## Assignment
Every line from the one holding "Khamiis, Jannaayo 03, 2013" through the one holding "함께 즐길 수 있다." in the data below must be returned exactly, both ends included, with pictures left out and nothing else added.

## Available data
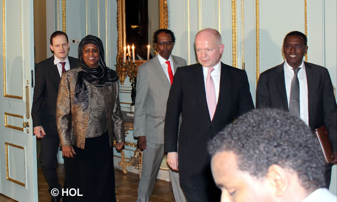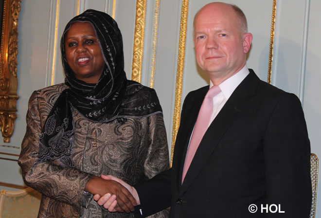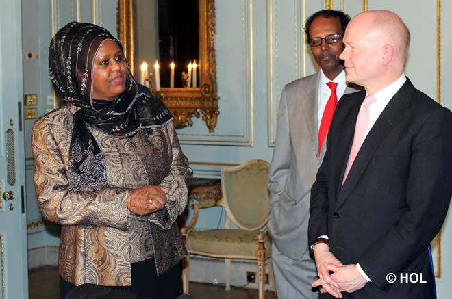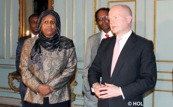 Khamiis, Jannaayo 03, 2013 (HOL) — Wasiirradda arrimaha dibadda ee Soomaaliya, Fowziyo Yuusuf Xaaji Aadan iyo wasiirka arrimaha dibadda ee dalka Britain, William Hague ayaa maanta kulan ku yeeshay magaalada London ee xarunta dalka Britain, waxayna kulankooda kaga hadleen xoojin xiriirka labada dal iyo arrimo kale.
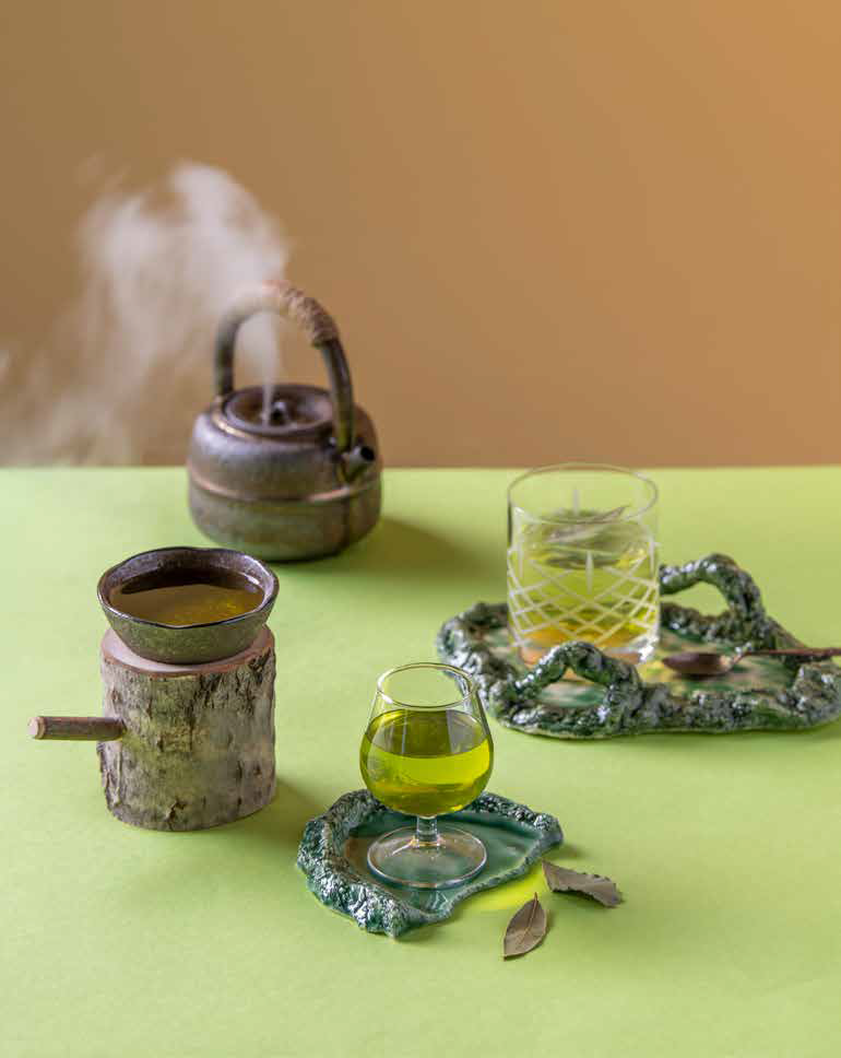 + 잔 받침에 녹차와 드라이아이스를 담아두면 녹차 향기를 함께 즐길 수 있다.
...
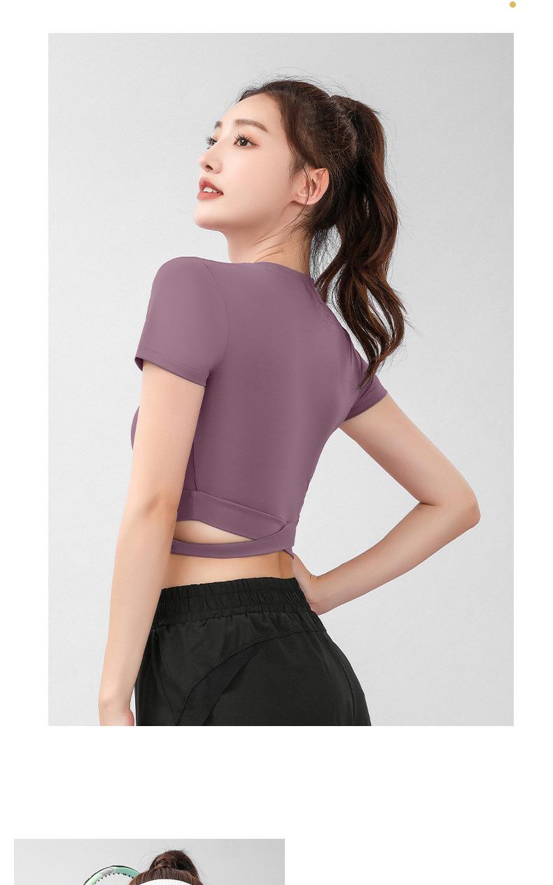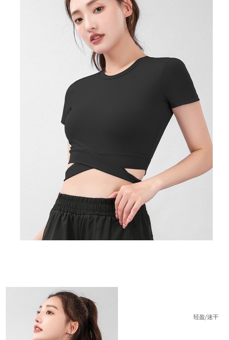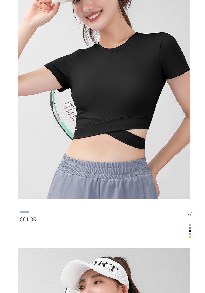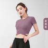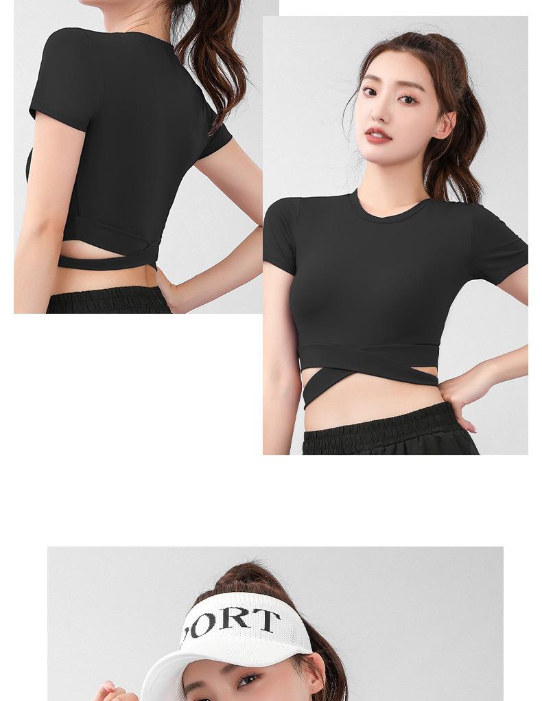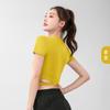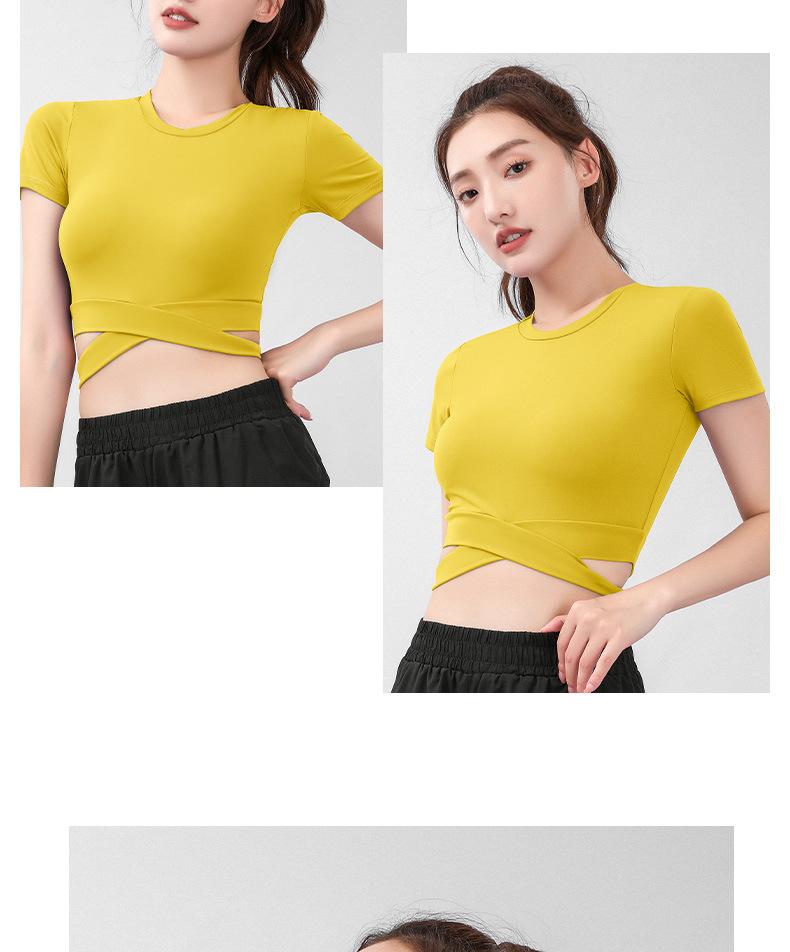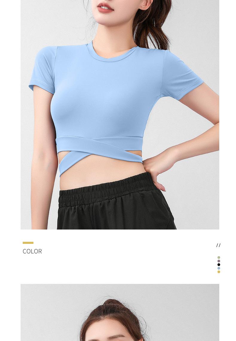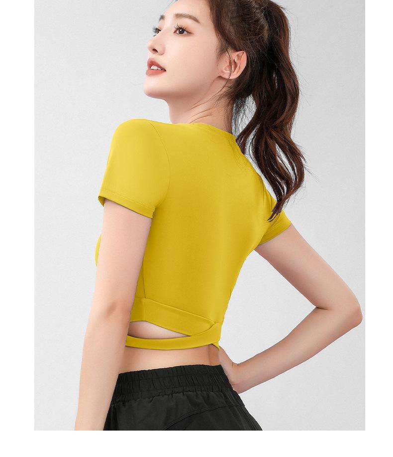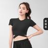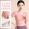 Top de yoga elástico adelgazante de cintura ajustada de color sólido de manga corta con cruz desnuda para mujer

## Result of this exercise
 Khamiis, Jannaayo 03, 2013 (HOL) — Wasiirradda arrimaha dibadda ee Soomaaliya, Fowziyo Yuusuf Xaaji Aadan iyo wasiirka arrimaha dibadda ee dalka Britain, William Hague ayaa maanta kulan ku yeeshay magaalada London ee xarunta dalka Britain, waxayna kulankooda kaga hadleen xoojin xiriirka labada dal iyo arrimo kale.
 + 잔 받침에 녹차와 드라이아이스를 담아두면 녹차 향기를 함께 즐길 수 있다.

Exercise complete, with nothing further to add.